The group 6 metal 104 may be an elemental metal or a combination of elemental metals. The group 6 metal 104 on the conductive material 112 may, therefore, be substantially free of chemical compounds of the group 6 metal 104, such as being substantially free of a carbide compound, an oxide compound, a nitride compound, a selenide compound, a sulfide compounds, or a telluride compound of the group 6 metal 104. The group 6 metal 104 may be selected to be alkali metal philic (e.g., lithophilic, lithium philic). The group 6 metal 104 may include molybdenum (e.g., elemental molybdenum), chromium (e.g., elemental chromium), tungsten (e.g., elemental tungsten), or a combination thereof. In some embodiments, the group 6 metal 104 is elemental molybdenum. In other embodiments, the group 6 metal 104 is elemental chromium or elemental tungsten. In some embodiments, the group 6 metal 104 includes molybdenum particles. In other embodiments, the group 6 metal 104 includes a chromium mesh. In yet other embodiments, the group 6 metal 104 includes tungsten particles. In still other embodiments, the group 6 metal 104 includes a tungsten foil.
The conductive material 112 (e.g., the electrically conductive material 112) of the current collector 102 may be formed of and include a carbon material, a chromium material, a copper material, a molybdenum material, a tungsten material, an iron material (e.g., a stainless steel material), or a combination thereof. The conductive material 112 may be free standing or may include a conductive film or a conductive mesh on a substrate, such as on a polymer substrate. The current collector 102 may, therefore, include the group 6 metal 104 and the conductive material 112 on a polymer substrate. The conductive material 112 may, for example, be copper or a carbon-based material, such as a graphite-based or a nanotube-based material. In some embodiments, the conductive material 112 is a copper conductive material 112. In other embodiments, the conductive material 112 is a conductive carbon material. The conductive material 112 may be positioned opposite the cathode 108 such that the conductive material 112 and the cathode 108 are connected by (e.g., electrically connected by) the electrolyte 106. The cathode 108 may be separated from the group 6 metal 104 by the electrolyte 106.
In some embodiments, the current collector 102 includes a copper film as the conductive material 112 and the group 6 metal 104 is a molybdenum film on the surface of the copper film. In other embodiments, the current collector 102 is a conductive carbon material with molybdenum particles as the group 6 metal 104 on the surface of the conductive carbon material. In yet other embodiments, the current collector 102 includes a copper film as the conductive material 112 and the group 6 metal 104 is a chromium film.
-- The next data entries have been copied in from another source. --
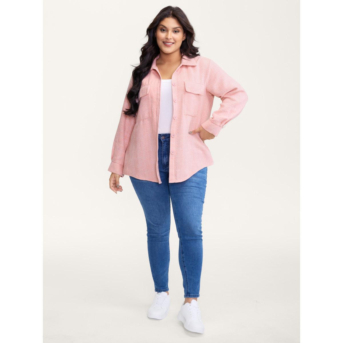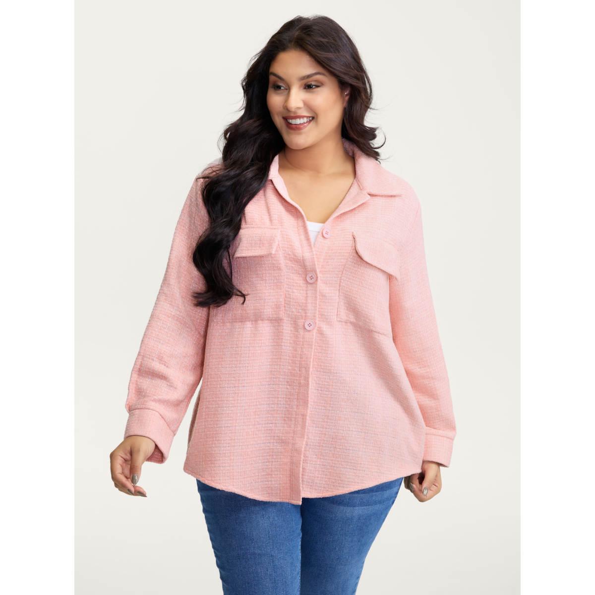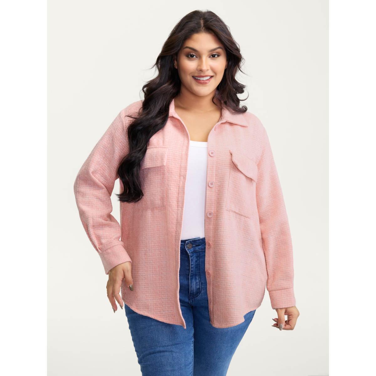 Plus Size Chest Flaps Textured Button-Down Jacket Women Blush Patch pocket Casual Jackets BloomChic 14-16/1X
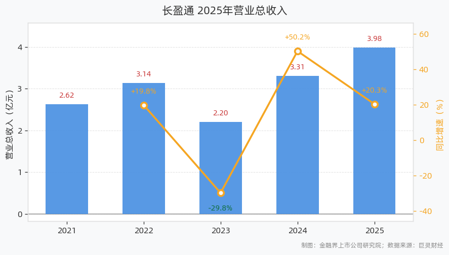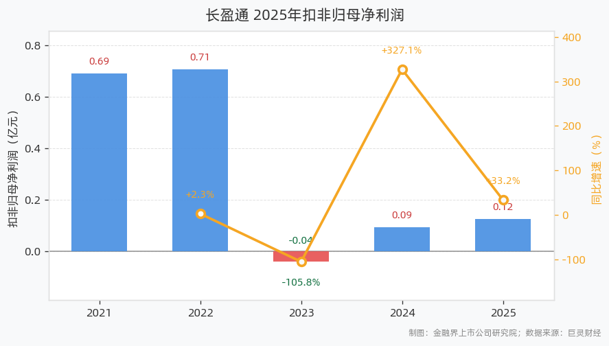 4月28日,长盈通发布2025年年报。报告显示,2025年公司营业总收入为3.98亿元,同比增长20.32%;归母净利润为0.24亿元,同比增长33.37%;扣非归母净利润为1246.52万元,同比增长33.17%;基本每股收益0.19元,加权平均ROE为1.99%;经营活动净现金流为2075.22万元,同比增长161.82%。
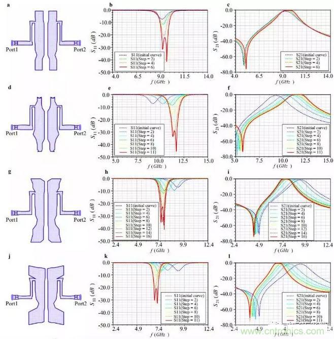 第二項(xiàng)任務(wù)和第三項(xiàng)任務(wù)的AI首先學(xué)會(huì)調(diào)整諧振器的長(zhǎng)度,以達(dá)到移動(dòng)中心頻率的目的,然后調(diào)整諧振器之間的耦合系數(shù),以減少通帶回波損耗,增加插入損耗,其設(shè)計(jì)過程如圖3(d-i)所示。

If the group 6 metal 104 is configured as the particles 110 (e.g., nanoparticles, mesoparticles), the particles 110 may be formed on the conductive material 112 by conventional techniques. Alternatively, the particles 110 may be available from commercial suppliers and applied to the conductive material 112 by conventional techniques. If the group 6 metal 104 is configured as the film, foil, or mesh, the film, foil, or mesh may be applied to the conductive material 112 by conventional techniques. Commercial suppliers are also available for films, foils, and meshes of the group 6 metal 104.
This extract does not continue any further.